Technology

‘Group chats are chaotic’: why some Chennai parents want the app their child’s old school had

Some Chennai parents say they miss the structured dashboards their children's previous schools offered, as AI-powered ERP platforms spread across the city.

“School group chats are chaotic, with several unwanted messages,” says Beena, a Chennai parent whose son studied at Chennai Public School until Class 10. There, a parents’ dashboard once gave her one-on-one information and let her pose queries through a portal. His current school offers no such platform, she said, and “they are missing out.”

Her frustration points to a wider shift already under way elsewhere in the city. Several Chennai schools are adopting mobile or web-based AI-powered enterprise resource planning (ERP) tools such as My Classboard and Neverskip, charging schools on a per-student basis to inform parents about homework, fees and transport, and to create a shared communication space with teachers.
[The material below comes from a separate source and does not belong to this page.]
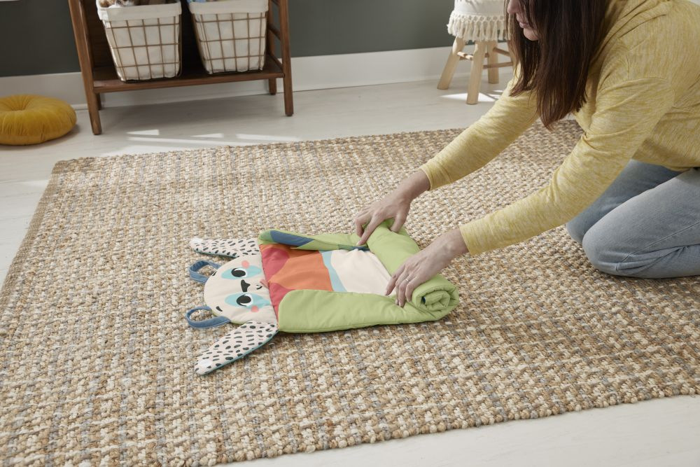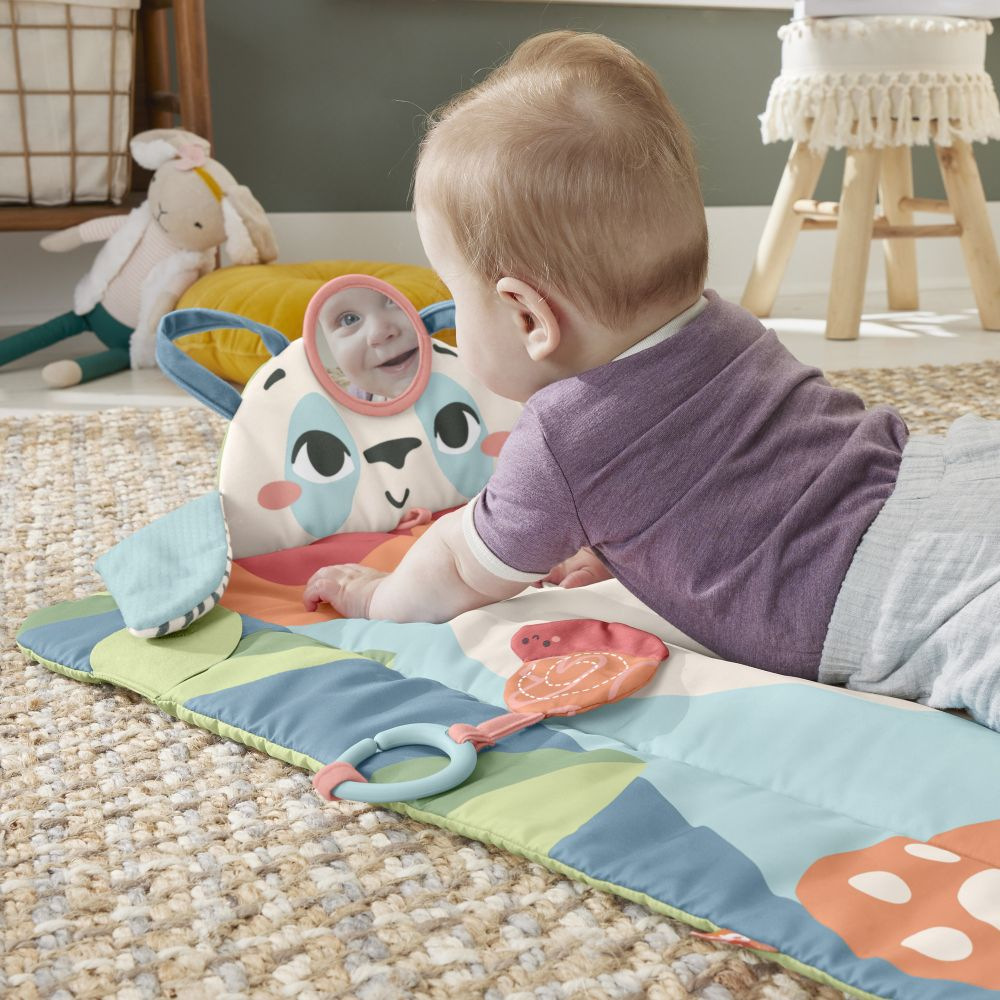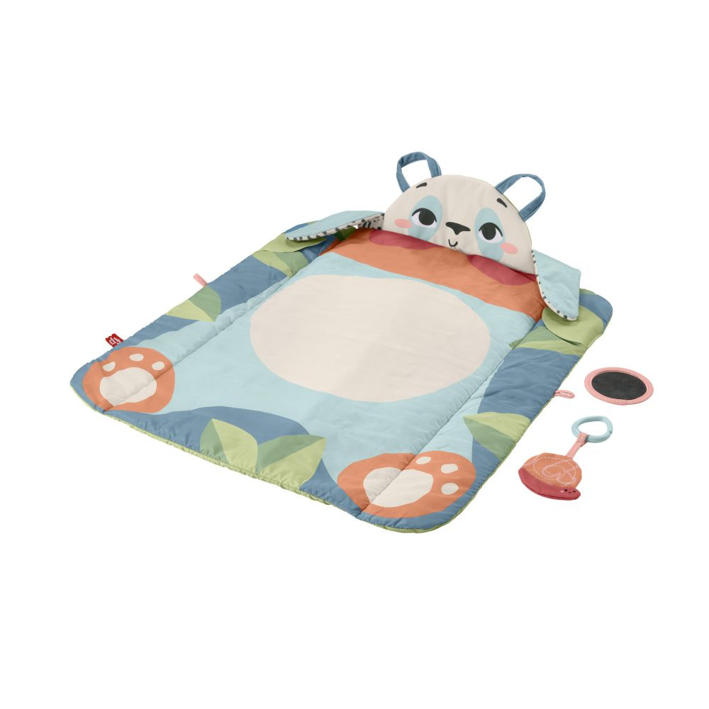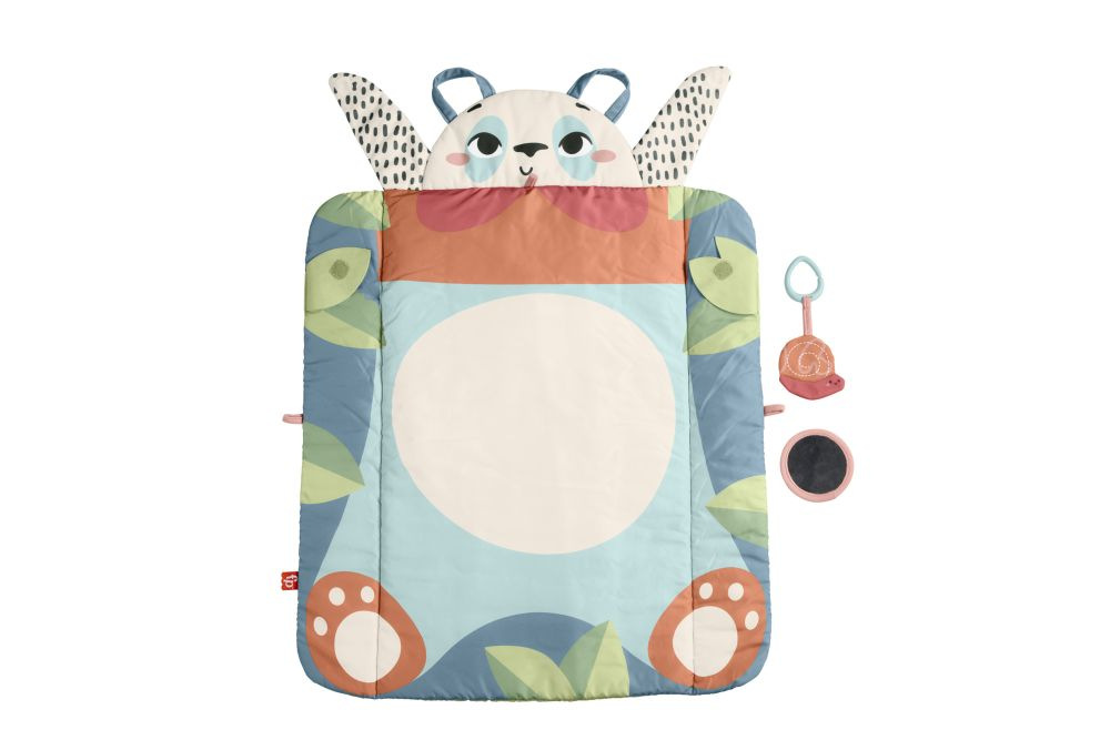 Hrací dečka s baculatou pandou od Fisher-Price® je inspirována zvířaty, na která upozornil Světový fond na ochranu přírody, používá látku vyrobenou z 90 % z recyklovaných plastů a je dodávána v obalu s certifikátem FSC, který podporuje odpovědné lesní hospodářství. Tuto velkou, všestrannou podložku 3 v 1 lze použít k ležení a hraní, pro čas na bříšku i při cestování. Tlapky podepírají výrazně kontrastní čelní panel pro dobu strávenou na bříšku nebo je lze použít k upevnění srolované podložky pro cestovní dobrodružství. Vrnící hračka a zrcátko pro sebepoznávání se spojují s panelem nebo se připevňují na poutka, aby hraní bylo stále inspirativní a zábavné. Podložku lze prát v pračce s vyjmutými hračkami.

At Vellammal Bodhi Campus, parent R Vidya no longer waits for her Class IX son to report his own test results. An app provided by the school notifies her directly, with an assessment of his strong and weak points and subject-wise insights. “My son can also take tests on the app, designed by the school themselves. Apart from the results of tests and internal assessments, the school uploads report cards and attendance details, to ensure transparency,” she said.

The technology reaches into grading too. Answer keys are fed into the system and answer sheets are analysed, offering insights into language through comparison. “It involves some work from the backend too on the teachers’ side. But the platforms are evolving. Once they notice a pattern, they automatically provide analysis without referring to answer sheets,” said a teacher at a prominent IB school on the OMR.

Educationists say the pandemic accelerated this shift by first forcing schools into digital teaching. “Today, ERPs have become vital to run a school, especially if the strength is high,” said Prem Shankar, chairman, Holy Sai Group of Institutions.

For parents like Beena, the unevenness is the sticking point: while some schools now run structured, AI-backed dashboards, others still rely on the same unwieldy group chats families have used for years.